Report: Apollo Seeks Buyer For Amazon Brand Aggregator Perch

Apollo Global Management is reportedly second-guessing its investment in Amazon brand aggregator Perch.

The private equity firm in 2001 pledged up to half a billion dollars in debt to Victory Park Capital, which invests in multiple aggregators, Perch among them.

Now, as Bloomberg News reported late Friday (Sept. 1), Victory Park is seeking a buyer for Perch, according to sources familiar with the matter. The sources added that Apollo has gotten more involved in the sale as Victory Park has thus far not succeeded.

The report notes that the aggregator sector has cooled amid rising interest rates and costs and slowing online demand. PYMNTS has contacted Apollo for comment but has not yet received a reply.

It’s a big change from the situation PYMNTS described in 2021, when companies like Thrasio, Perch and Elevate Brands had raised more than $2.3 billion in funding to acquire and expand these third-party sellers’ brands.

During the boom period, venture capitalists were “throwing hundreds of millions of dollars at these unproven companies to acquire Amazon small-fry businesses,” WebDealsDirect CEO Adam Feinberg told PYMNTS. 

But before? “No one trusted an Amazon business as far as they could throw it,” Feinberg said. “They just thought it was the riskiest thing in the world.”

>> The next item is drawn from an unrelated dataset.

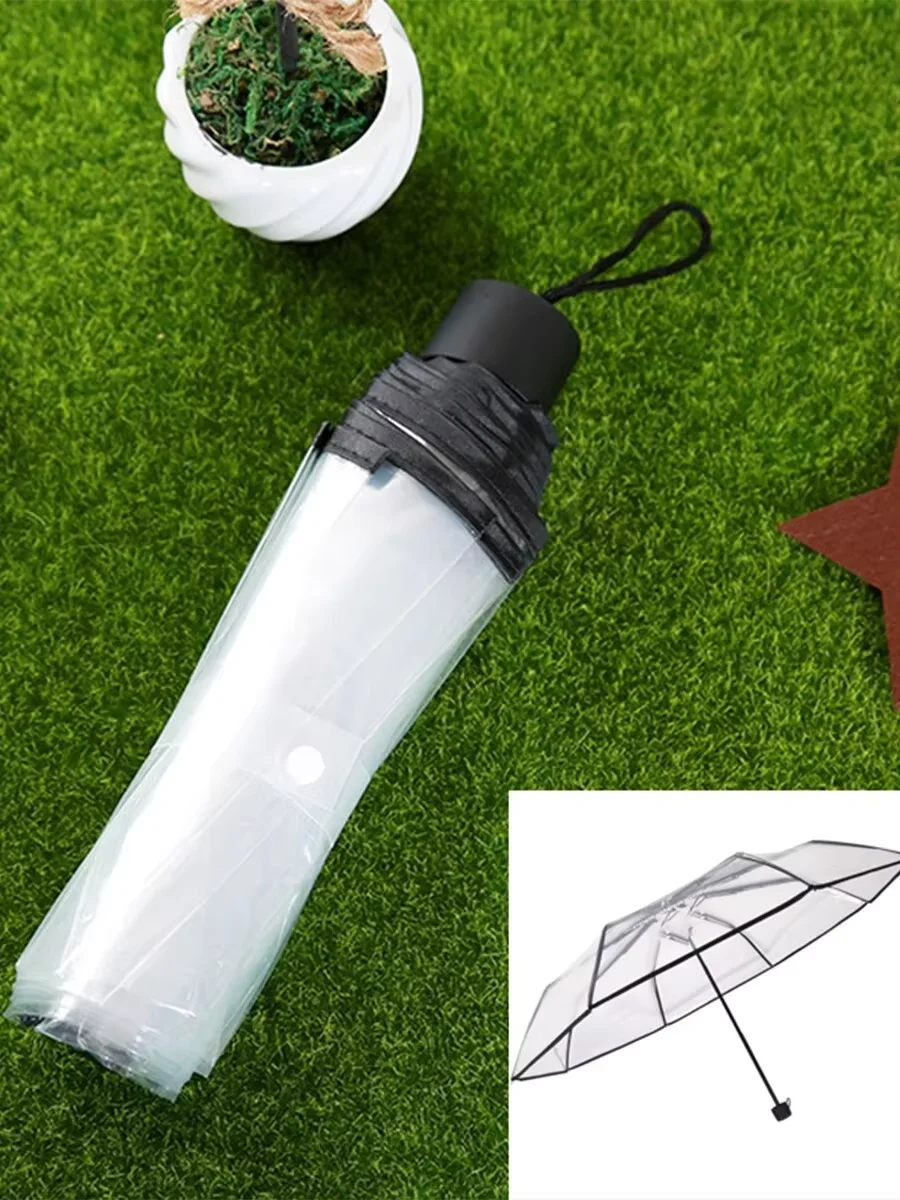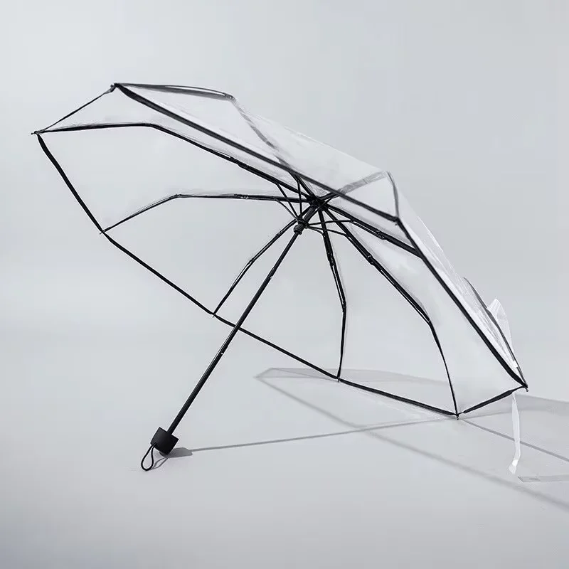 Nuovo Ombrello pieghevole portatile manuale universale per uomo e donna trasparente alla moda ispessito rosso netto Ombrello essenziale per la casa

Fast forward to 2023,  and many of the companies have been forced to look for debt relief or consider merging, the Bloomberg report said.

Last week saw the news that New York-based eCommerce company Benitago — which acquires small third-party sellers on Amazon’s online marketplace and runs them as a group — had filed for bankruptcy

A report by the Wall Street Journal said Benitago had faced challenges as consumer preferences changed and the eCommerce market shrank in the later stages of the pandemic.

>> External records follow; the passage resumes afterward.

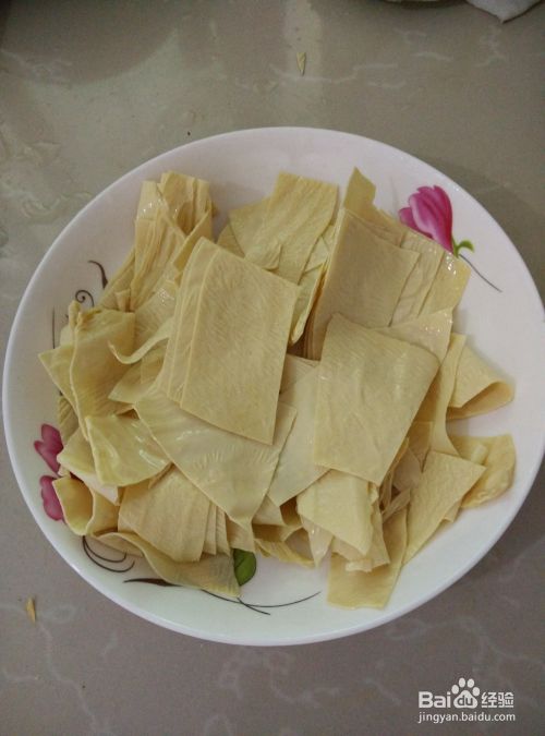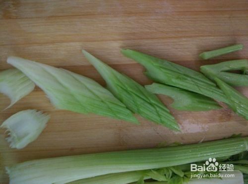 芹菜洗净切块备用,将干木耳泡发后用开水煮一会备用,干豆皮泡发后开水焯后切片备用,
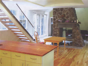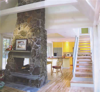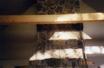 This is a fireplace on Peaks Island is covered witha thin natural field stone.
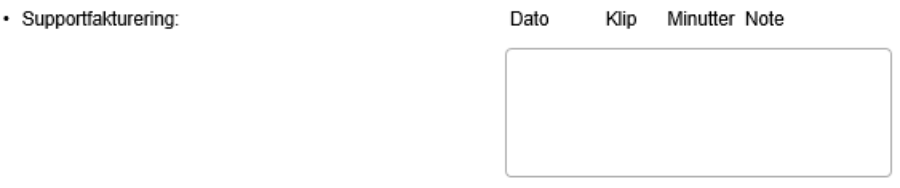 | Supportfakturering | Viser hvilke perioder, der er faktureret for samt antal klip. Det er afregningen for konsulentydelser, timer og kørselstid. Ikke kilometer penge. Der afregnes 30 klip pr. time. Ved at holde musen over teksten i Note, er det muligt at se flere detaljer |
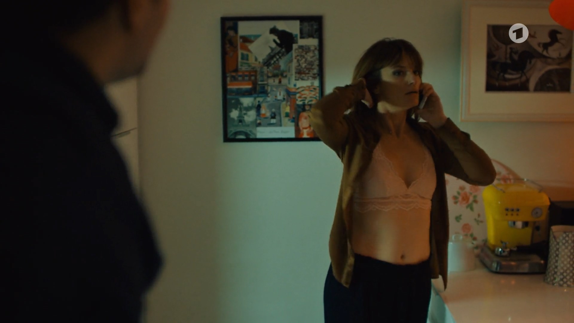 Ina Paule Klink is very sexy in the show “Der Zurich-Krimi” season 1 episode 13 which was released in 2021. She is demonstrating her breasts in a bra here.

Financing for acquirers fell by 88% last year, with just five funding deals completed in the first five months of 2023, that report said. Business analytics firm CB Insights has said the market is “unraveling,” with debt-ridden aggregators putting their investors at risk.

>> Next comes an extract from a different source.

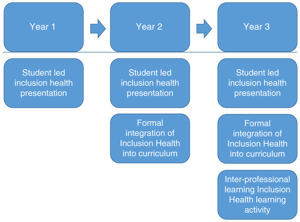 Figure 1. Step-wise approach of developing suite of inclusion health learning activities from Year 1 (Academic year 2018–2019) projected to Year 2 (Academic Year 2019–2020) and Year 3 (2020–2021) into formal undergraduate curriculum.

Meanwhile, PYMNTS looked last week at Amazon’s new partnership with Shopify, which lets merchants who pay for Shopify’s eCommerce tools use Amazon’s logistics network. 

“The tie-up underscores the ways in which logistics and fulfillment can be the needle and thread that link platforms together,” that report said. “Buy with Prime is the commonality here, where Shopify merchants in the United States will be able to speed delivery to Prime members.”